LE CHEMIN DE FER DE NOS AÏEUX ESCLAVES : VWÈ MIZÈ, PA MÔ ! | Station 6

Station 6 : Quelques considérations sur la danse vue par le Père Labat

La danse est leur passion favorite. Je ne crois pas qu’il y ait peuple au monde qui y soit plus attaché qu’eux. Quand les Maîtres ne leur permettent pas de danser dans l’Habitation, ils feront trois ou quatre lieuës après qu’ils ont quitté le travail de la Sucrerie le samedi à minuit, pour se trouver dans quelques lieux où ils savent qu’il y a une danse.

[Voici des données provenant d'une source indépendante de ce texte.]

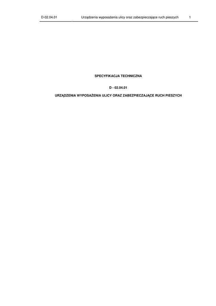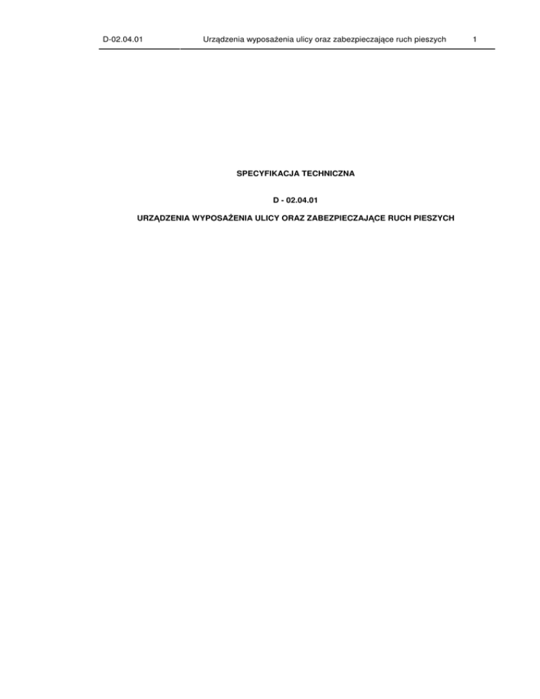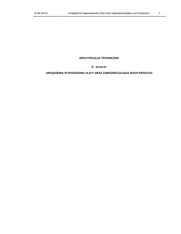 D-02.04.01 Urządzenia wyposażenia ulicy oraz zabezpieczające ruch pieszych SPECYFIKACJA TECHNICZNA D - 02.04.01 URZĄDZENIA WYPOSAŻENIA ULICY ORAZ ZABEZPIECZAJĄCE RUCH PIESZYCH 1 D-02.04.01 Urządzenia wyposażenia ulicy oraz zabezpieczające ruch pieszych 2 1. WSTĘP 1.1. Przedmiot SST Przedmiotem niniejszej szczegółowej specyfikacji technicznej (SST) są wymagania dotyczące wykonania i odbioru robót związanych z montażem urządzeń wyposażenia ulicy i zabezpieczających ruch pieszych. 1.2. Zakres stosowania SST Szczegółowa specyfikacja techniczna (SST) stanowi dokument przetargowy i kontraktowy przy zlecaniu i realizacji robót związanych z remontem kładki dla pieszych nad torami PKP w ciągu ulic Pakoskiej i Narutowicza w Inowrocławiu. 1.3. Zakres robót objętych SST Ustalenia zawarte w niniejszej specyfikacji dotyczą zasad prowadzenia robót związanych z montażem urządzeń wyposażenia ulicy: − koszy na śmieci, − ławek, oraz montażem urządzeń zabezpieczających ruch pieszych, do których należą: − barierki, − słupki przeszkodowe, − słupki przeszkodowe z łańcuchem. 1.4. Określenia podstawowe 1.4.1. Barierka - przegroda fizyczna separująca ruch pieszy od ruchu kołowego. 1.4.2. Łańcuch - wyrób o ogniwach zgrzewanych elektrycznie lub kutych. 1.4.3. Słupek przeszkodowy – przegroda fizyczna uniemożliwiająca wjazd pojazdu na chodnik oraz separująca ruch pieszy od ruchu kołowego. 1.4.4. Kosz na śmieci – pojemnik przeznaczony do gromadzenia odpadków, 1.4.5. Ławka – urządzenie przeznaczone do siedzenia i odpoczynku, 1.4.6. Pozostałe określenia podstawowe są zgodne z obowiązującymi, odpowiednimi polskimi normami i z definicjami podanymi w SST D-M-00.00.00 „Wymagania ogólne” pkt 1.4. 1.5. Ogólne wymagania dotyczące robót Ogólne wymagania dotyczące robót podano w SST D-M-00.00.00 „Wymagania ogólne” pkt 1.5. 2. MATERIAŁY 2.1. Ogólne wymagania dotyczące materiałów Ogólne wymagania dotyczące materiałów, ich pozyskiwania i składowania, podano w SST D-M00.00.00 „Wymagania ogólne” pkt 2. 2.2. Rodzaje materiałów Materiałami stosowanymi przy wykonywaniu urządzeń wyposażenia ulicy oraz zabezpieczających ruch pieszy objętych niniejszą SST, są: − żeliwo, − poręcze metalowe barier, − łańcuchy, − drewno, − beton i jego składniki, − materiały do malowania i renowacji powłok malarskich. D-02.04.01 Urządzenia wyposażenia ulicy oraz zabezpieczające ruch pieszych 3 2.3. Słupki żeliwne 2.3.1. Wymiary i najważniejsze charakterystyki słupków przeszkodowych 2.3.1.1 Słupek przeszkodowy Pionek I wymiary dolne (średnica dolna): 250 mm wysokość: 700 mm materiał: żeliwo ciężar: ok. 36 kg 2.3.1.2 Słupek przeszkodowy z łańcuchem Pionek II wymiary dolne (średnica dolna): 250 mm wysokość: 700 mm materiał: żeliwo ciężar: ok. 37 kg 2.3.1.3 Łańcuch Łańcuchy techniczne ogniwowe stosowane w barierach łańcuchowych winny odpowiadać wymaganiom wg PN-M-84540 [38], PN-M-84541 [39], PN-M-84542 [40], PN-M-84543 [41]. Ogniwa łańcuchów powinny mieć powierzchnie gładkie, bez wgłębień, pęknięć i naderwań. Dopuszcza się drobne uszkodzenia mechaniczne nie przekraczające dopuszczalnych odchyłek ustalonych dla prętów, z których wykonany jest łańcuch. Do wyrobu łańcuchów dopuszcza się tylko materiały posiadające zaświadczenia hutnicze z prętów lub walcówki ze stali w gatunku St1E, St1Z i 16GA. Dopuszcza się inne gatunki stali zaakceptowane przez Inżyniera. Łańcuchy muszą być zabezpieczone przed korozją przez ocynkowanie lub powlekanie antykorozyjne. D-02.04.01 Urządzenia wyposażenia ulicy oraz zabezpieczające ruch pieszych 2.4. Barierka wymiary dolne (średnica dolna): 76 mm wysokość: (1100) mm materiał: stal, żeliwo ciężar: ok. (13 - 15) kg 2.5. Kosz na śmieci wymiary górne (średnica górna): 500 mm wysokość: 1100 mm pojemność: 40 L grubość ścianek elementu: 1,0 mm ciężar: 19 kg 2.6. Ławka wymiary górne: (1800 x 700) mm 4 D-02.04.01 Urządzenia wyposażenia ulicy oraz zabezpieczające ruch pieszych 5 wymiary dolne: 590 mm wymiary siedziska: 420 mm wysokość: 590 mm wysokość siedziska od ziemi: 420 mm ilość listew: 5 wymiar (przekrój) listew: 40 mm ciężar: ok. 54 kg 2.7. Beton i jego składniki Deskowanie powinno zapewnić sztywność i niezmienność układu oraz bezpieczeństwo konstrukcji. Deskowanie powinno być skonstruowane w sposób umożliwiający łatwy jego montaż i demontaż. Przed wypełnieniem masą betonową, deskowanie powinno być sprawdzone, aby wykluczało wyciek zaprawy z masy betonowej, możliwość zniekształceń lub odchyleń w betonowanej konstrukcji. Klasa betonu - jeśli w dokumentacji projektowej lub SST nie określono inaczej, powinna być B 15 lub B 20. Beton powinien odpowiadać wymaganiom PN-B-06250 [3]. Składnikami betonu są: cement, kruszywo, woda i domieszki. Cement stosowany do betonu powinien być cementem portlandzkim klasy co najmniej „32,5”, odpowiadającym wymaganiom PN-B-19701 [8]. Transport i przechowywanie cementu powinny być zgodne z postanowieniami BN-88/B-6731-08 [46]. Kruszywo do betonu (piasek, żwir, grys, mieszanka z kruszywa naturalnego sortowanego, kruszywa łamanego i otoczaków) powinno odpowiadać wymaganiom PN-B-06712 [5]. Woda powinna być „odmiany 1”, zgodnie z wymaganiami PN-B-32250 [10]. Bez badań laboratoryjnych można stosować wodę pitną. Domieszki chemiczne do betonu powinny być stosowane, jeśli przewidują to dokumentacja projektowa, SST lub wskazania Inżyniera, przy czym w przypadku braku danych dotyczących rodzaju domieszek, ich dobór powinien być dokonany zgodnie z zaleceniami PN-B-06250 [3]. Domieszki powinny odpowiadać PN-B-23010 [9]. Pręty zbrojenia mogą być stosowane, jeśli przewiduje to dokumentacja projektowa lub SST. Pręty zbrojenia powinny odpowiadać PN-B-06251 [4]. Właściwości mechaniczne stali używanej do zbrojeni

Celle qui leur plaît davantage, et qui leur est plus ordinaire est le Calenda, elle vient de la côte de Guinée et suivant toutes les apparences du Royaume d’Arda (Porto Novo ndlr). Les Espagnols l’ont apprise des Nègres et la dansent dans toute l’Amérique de la même manière que les Nègres… Pour donner la cadence à cette danse, ils se servent de deux tambours faits de deux troncs d’arbres creusés d’inégale grosseur. Un des bouts est ouvert, l’autre est couvert d’une peau de brebis ou de chèvre sans poil, grattée comme du parchemin. Le plus grand de ces deux tambours qu’ils appellent simplement Grand Tambour peut avoir trois à quatre pieds de long sur quinze à seize pouces de diamètre. Le petit qu’on nomme le BABOULA, a à peu près la même longueur, sur huit à neuf pouces de diamètre. Ceux qui battent les tambours pour régler la cadence les mettent entre leurs jambes, ou s’asseyent dessus, et les touchent avec le plat des quatre doigts de chaque main. Celui qui touche le grand tambour bat avec mesure et posément; mais celui qui touche le baboula, bat le plus vite qu’il peut et sans presque garder de mesure, et comme le son qu’il rend est beaucoup plus moindre que celui du grand tambour, et fort aigu, il ne sert qu’à faire du bruit, sans marquer la cadence de la danse ni les mouvements des danseurs.

Père Labat. Nouveau voyage aux Isles Françaises de l’Amérique (1696). Tome deuxième. page 401 -402. 1972. Édition des Horizons Caraïbes, Fort-de-France Martinique

Le Père LabatAvertissement : les scènes de vie qui vont vous sont rapportées cette semaine sont celles écrites par un missionnaire, le père Jean-Baptiste Labat (1663-1738). Ce curé de l’ordre des Dominicains débarque en Martinique, le 29 janvier 1694, et séjourne à la paroisse de Macouba, où il travaille pendant deux ans à la développer. Il y construit de nombreux édifices. En 1696, il séjourne en Guadeloupe et en Dominique puis est nommé procureur syndic des îles d’Amérique à son retour en Martinique. Il est l’un des tout premiers chroniqueurs de la vie de la Martinique et de la Guadeloupe de la fin du 17e et au début du 18e siècle. Ses descriptions sont précises et donnent des indications sur la vie de nos parents en ce temps-là. Il faut garder à l’esprit qu’il est un ecclésiastique esclavagiste avec tous les préjugés que cela implique.

Il rassemble ces notes dans le célèbre « Voyage aux isles Françoises de l’Amérique ».